The problem: It likely costs too much for most people to adopt it. Like many Kickstarted gadgets and Silicon Valley luxuries, this fashionable, flexible, fantastic showerhead will set you back. The retail price for a single head is $400; the Nebia was available to early birds for $250, but those offers are now gone. 

As of the time of writing, two showerheads are available for $600 — slightly less than the cost of an out-of-contract iPhone 6 — or three heads for $800. (A luxury showerhead from Kohler costs anywhere from $70 to $250, and a more typical consumer shower head costs $20 to $60.)

"Four hundred dollars for a shower head?" one redditor said on /r/Kickstarter. "Most people would not spend that much." 

Another chimed in, "I barely even spend that much a year on water for my whole house, let alone just on showers."

The Nebia team claims that with the water you'd save, the showerhead would pay for itself after a year if you live in drought-stricken California.
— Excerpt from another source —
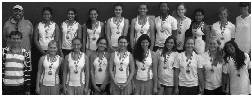
Beta Flight: The Beta Flight Finalists Valhalla (left) with Champions St. Josephs Academy

But in most other states, the price of water is half as much as California's — sometimes only a fraction of the cost.

Circle of Blue

It's hard enough to get people to care about climate change as it is, especially in states where water trouble is less dire. A better, more powerful, environment-saving shower has promise, but it may be a hard sell to get people to invest in a gadget that could take years to pay itself off.